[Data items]
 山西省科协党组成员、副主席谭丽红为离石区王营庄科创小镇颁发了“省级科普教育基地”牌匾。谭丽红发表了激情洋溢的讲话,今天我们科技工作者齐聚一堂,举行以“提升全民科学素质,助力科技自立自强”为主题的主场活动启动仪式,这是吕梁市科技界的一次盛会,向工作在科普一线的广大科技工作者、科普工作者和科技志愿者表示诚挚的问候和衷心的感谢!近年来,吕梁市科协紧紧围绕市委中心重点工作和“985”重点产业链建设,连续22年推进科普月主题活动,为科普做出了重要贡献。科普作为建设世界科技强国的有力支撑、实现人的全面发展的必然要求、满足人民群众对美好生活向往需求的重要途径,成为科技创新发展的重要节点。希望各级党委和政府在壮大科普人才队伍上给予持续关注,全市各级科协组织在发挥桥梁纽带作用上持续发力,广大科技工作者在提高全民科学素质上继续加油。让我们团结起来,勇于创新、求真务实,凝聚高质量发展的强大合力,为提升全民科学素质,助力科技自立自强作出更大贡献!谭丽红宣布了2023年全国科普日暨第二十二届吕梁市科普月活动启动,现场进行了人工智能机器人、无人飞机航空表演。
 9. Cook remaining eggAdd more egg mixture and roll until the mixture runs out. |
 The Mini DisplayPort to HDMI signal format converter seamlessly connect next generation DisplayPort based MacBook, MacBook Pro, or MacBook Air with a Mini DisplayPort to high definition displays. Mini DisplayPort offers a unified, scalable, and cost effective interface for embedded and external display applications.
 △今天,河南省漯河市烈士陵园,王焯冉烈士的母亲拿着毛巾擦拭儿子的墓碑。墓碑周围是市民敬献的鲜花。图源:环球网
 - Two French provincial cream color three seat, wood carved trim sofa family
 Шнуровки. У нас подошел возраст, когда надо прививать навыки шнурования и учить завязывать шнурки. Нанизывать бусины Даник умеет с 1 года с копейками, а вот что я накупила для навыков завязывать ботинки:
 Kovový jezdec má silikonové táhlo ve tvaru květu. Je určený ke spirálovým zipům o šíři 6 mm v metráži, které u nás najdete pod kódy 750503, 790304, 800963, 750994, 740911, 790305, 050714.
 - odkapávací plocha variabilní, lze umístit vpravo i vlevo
* * *
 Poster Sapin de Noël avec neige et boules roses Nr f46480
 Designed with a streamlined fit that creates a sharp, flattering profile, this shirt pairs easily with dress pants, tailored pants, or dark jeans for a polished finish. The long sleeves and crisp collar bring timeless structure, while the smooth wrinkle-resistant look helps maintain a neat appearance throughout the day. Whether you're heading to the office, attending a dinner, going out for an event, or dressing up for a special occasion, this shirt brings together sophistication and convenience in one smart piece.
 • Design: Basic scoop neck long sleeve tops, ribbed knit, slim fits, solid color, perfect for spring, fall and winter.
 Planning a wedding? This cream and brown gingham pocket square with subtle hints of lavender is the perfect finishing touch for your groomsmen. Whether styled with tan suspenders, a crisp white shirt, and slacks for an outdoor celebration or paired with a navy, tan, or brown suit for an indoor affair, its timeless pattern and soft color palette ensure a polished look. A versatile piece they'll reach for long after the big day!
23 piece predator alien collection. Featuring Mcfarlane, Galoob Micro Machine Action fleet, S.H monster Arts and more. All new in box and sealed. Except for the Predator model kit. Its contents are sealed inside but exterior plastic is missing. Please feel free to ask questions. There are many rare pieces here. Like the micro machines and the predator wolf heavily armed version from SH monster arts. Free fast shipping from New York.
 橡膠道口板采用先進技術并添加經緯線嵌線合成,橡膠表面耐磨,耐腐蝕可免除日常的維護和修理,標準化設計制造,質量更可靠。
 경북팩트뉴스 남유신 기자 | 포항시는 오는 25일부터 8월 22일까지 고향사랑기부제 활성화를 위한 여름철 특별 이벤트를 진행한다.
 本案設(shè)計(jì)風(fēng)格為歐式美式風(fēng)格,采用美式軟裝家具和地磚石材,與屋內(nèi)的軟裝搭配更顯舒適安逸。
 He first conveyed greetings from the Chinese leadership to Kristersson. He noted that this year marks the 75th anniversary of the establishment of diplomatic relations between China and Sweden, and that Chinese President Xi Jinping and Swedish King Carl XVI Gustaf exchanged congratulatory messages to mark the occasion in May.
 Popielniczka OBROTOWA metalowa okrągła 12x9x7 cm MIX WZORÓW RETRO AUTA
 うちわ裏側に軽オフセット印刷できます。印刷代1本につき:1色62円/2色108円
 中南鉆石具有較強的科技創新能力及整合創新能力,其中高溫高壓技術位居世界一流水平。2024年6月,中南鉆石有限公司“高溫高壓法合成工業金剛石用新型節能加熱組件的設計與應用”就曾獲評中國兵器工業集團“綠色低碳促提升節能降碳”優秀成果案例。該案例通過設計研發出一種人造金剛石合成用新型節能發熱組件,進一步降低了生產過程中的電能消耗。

DESCRIPTION OF THE TASK: Above are the records. Copy the lines beginning at the one that has "Popielniczka OBROTOWA metalowa" and ending with the one that has "中南鉆石具有較強的科技創新能", unchanged.

SOLUTION FOR THIS PROBLEM:
 Popielniczka OBROTOWA metalowa okrągła 12x9x7 cm MIX WZORÓW RETRO AUTA
 うちわ裏側に軽オフセット印刷できます。印刷代1本につき:1色62円/2色108円
 中南鉆石具有較強的科技創新能力及整合創新能力,其中高溫高壓技術位居世界一流水平。2024年6月,中南鉆石有限公司“高溫高壓法合成工業金剛石用新型節能加熱組件的設計與應用”就曾獲評中國兵器工業集團“綠色低碳促提升節能降碳”優秀成果案例。該案例通過設計研發出一種人造金剛石合成用新型節能發熱組件,進一步降低了生產過程中的電能消耗。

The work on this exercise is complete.